# And I thought Vizsla puppies were wild......



## satellitebeach (Nov 16, 2010)

So, I thought I would vent a little but here because I don't really want to tell my girlfriend that her dog is an absolute terror. I currently have my second V and after raising him, I was thinking that raising a V puppy is the most fun that you never want to have again. 

However, my girlfriend found this adorable Llewellin setter 9 months ago and couldn't help but bring her home. She is a gorgeous dog but she is the devil in disguise. Her name is Pickles and having Pickles in your house is kind of like having a wild animal in your house. I have never seen a dog with this much energy or one with an insatiable appetite for destruction. She makes crazy noises, has absolutely NO interest in hanging out with humans, and spends most of her days biting my V or grabbing a hunk of his neck and shaking it violently. We try to wear her out by taking her on 5-10 mile bike rides and by going to the beach but there are not enough hours in the day for me to exercise this dog and hold down a decent job. 

Anyone else have any experience with field setters? If so, do they ever calm down? Do they ever enjoy just hanging out in their owner's lap? Pickles makes my 3 year old V look like the most amazing dog on planet earth and he can be pretty wild himself. 

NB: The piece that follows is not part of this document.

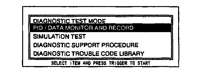 11. Select "PID/DATA MONITOR AND RECORD" and press the TRIGGER.

Edit: the attached picture will give you an idea as to why we bought her but you have no idea what this dog is capable of. Don't be deceived by the cuteness. This dog is crazier than ISIS.


----------



## texasred (Jan 29, 2012)

My sister has one, that my BIL talked her into getting for a house dog that he could hunt over. The first year was tough, and more than once she threatened to make it a outdoor kennel dog. Lou Lou has now been a wonderful indoor dog for years now. Very sweet, loves affection, and is just a overall good dog in the house. She is a beast in the field, and covers ground with the best of them.
Your girlfriends pup doesn't feel the need to interact with the humans, because she has your dog. Separate them for short periods of time, and work with her. Also be careful on just how much your exercising her. You could be building up her endurance, and that leads to needing more exercise to wear her down. It can turn into a vicious cycle.


----------



## texasred (Jan 29, 2012)

GOSH she's cute.


----------



## satellitebeach (Nov 16, 2010)

Llewellin Setters have to be cute. Otherwise they would all be shot before their first birthday  (joking, of course......kinda)


----------